> WHAT IS EXPECTED: Would you reproduce the whole listing exactly, minus its images?

> DATA BELOW:

.....

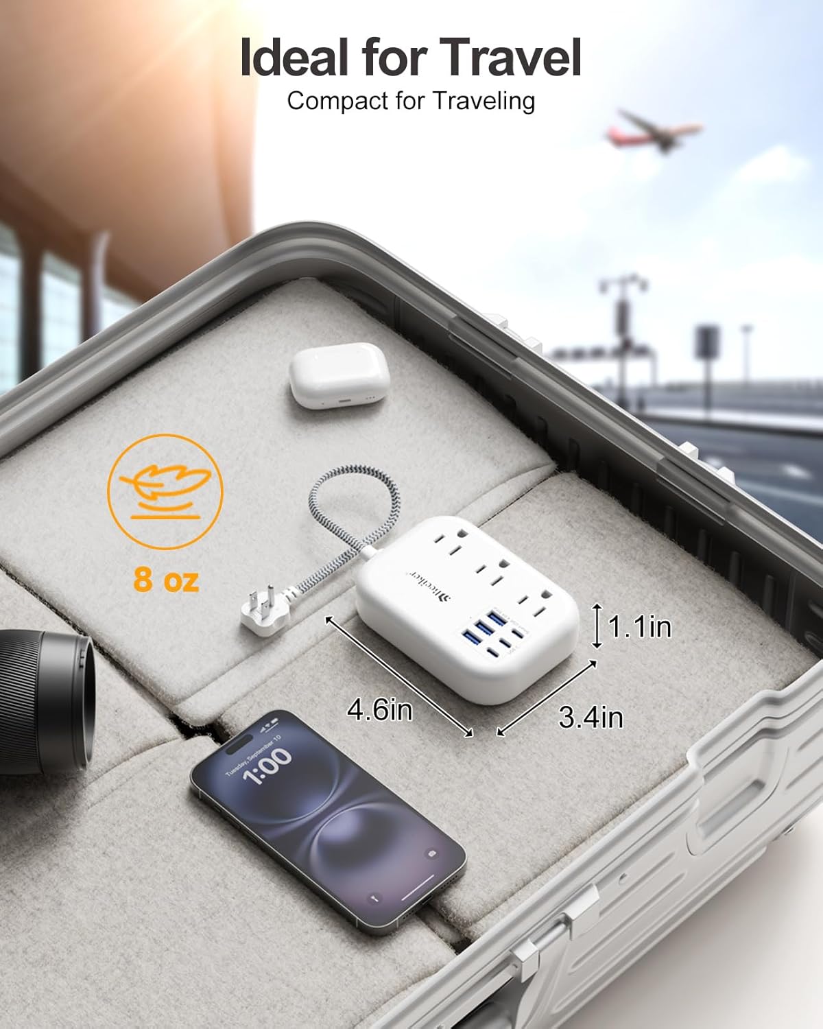 - 【Compact for Travel】-Compact Size and lightweight(8 oz) design to fit into luggage and bag while traveling. The small extension cord 2 ft also can be used in any indoor place with socket, Perfect solution for travel and dorm room,behind the sofa,kitchen,office etc
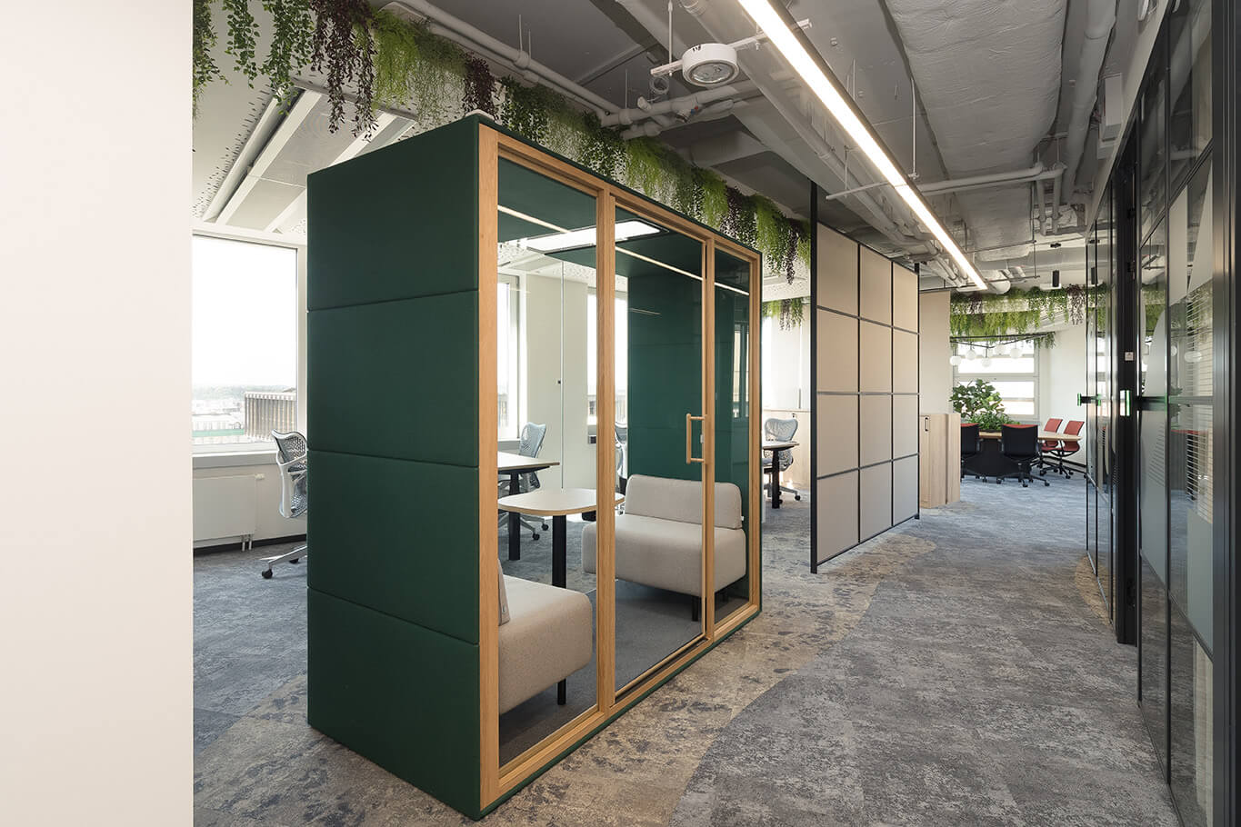 Die neue Generation passt nahtlos in jede Umgebung, wertet den Raum maximal auf schafft eine perfekte Umgebung zum Arbeiten und Entspannen. Mit präziser Handwerkskunst und zeitlosem Design bietet unsere Lösung fortschrittliche Akustik, hervorragende Belüftung und prokognitive Beleuchtung, welche die Müdigkeit reduziert und dafür sorgt, dass Sie sich erfrischt fühlen.
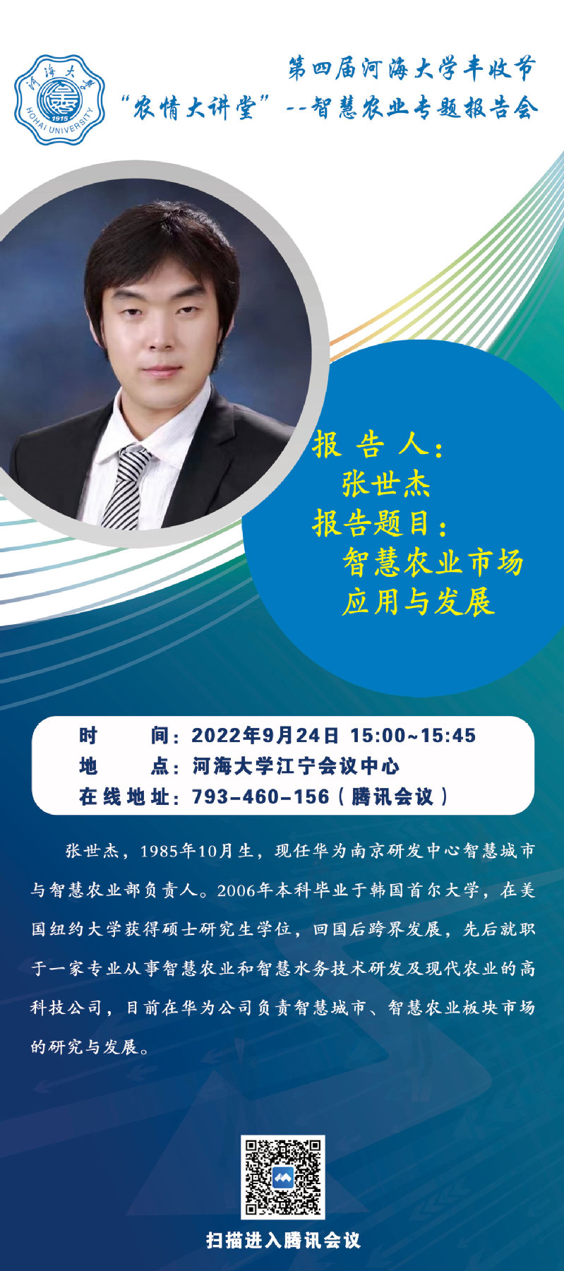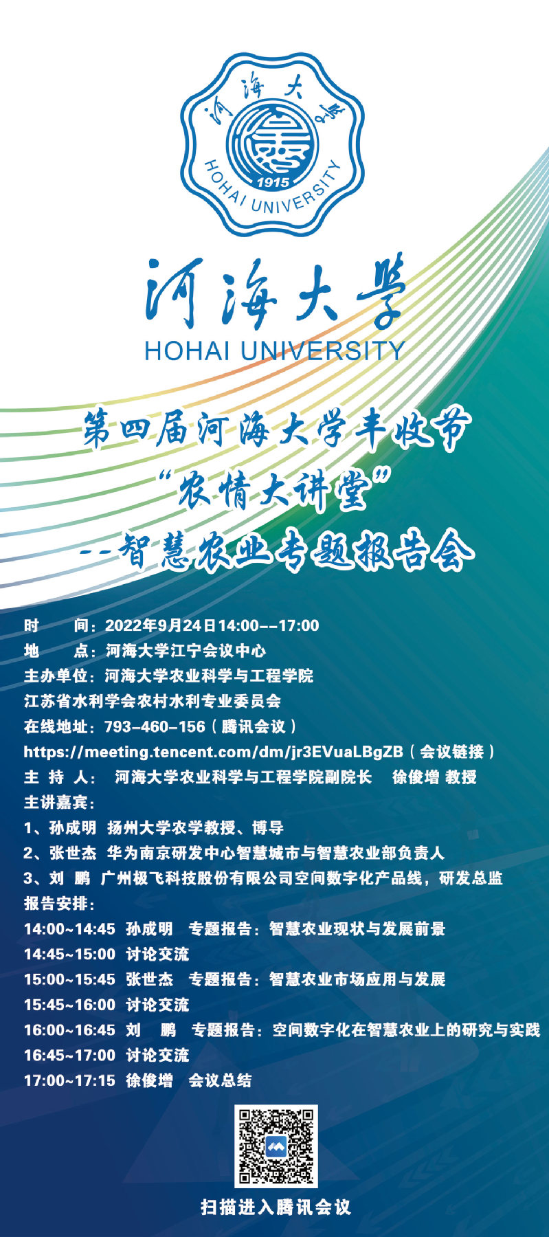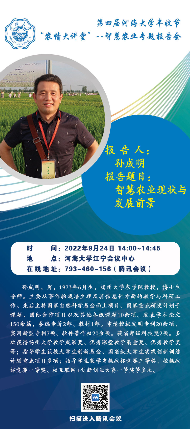 第四届yl23411丰收节“农情大讲堂” --智慧农业专题报告会(海报)

.....

> RESULT:
 - 【Compact for Travel】-Compact Size and lightweight(8 oz) design to fit into luggage and bag while traveling. The small extension cord 2 ft also can be used in any indoor place with socket, Perfect solution for travel and dorm room,behind the sofa,kitchen,office etc
 Die neue Generation passt nahtlos in jede Umgebung, wertet den Raum maximal auf schafft eine perfekte Umgebung zum Arbeiten und Entspannen. Mit präziser Handwerkskunst und zeitlosem Design bietet unsere Lösung fortschrittliche Akustik, hervorragende Belüftung und prokognitive Beleuchtung, welche die Müdigkeit reduziert und dafür sorgt, dass Sie sich erfrischt fühlen.
 第四届yl23411丰收节“农情大讲堂” --智慧农业专题报告会(海报)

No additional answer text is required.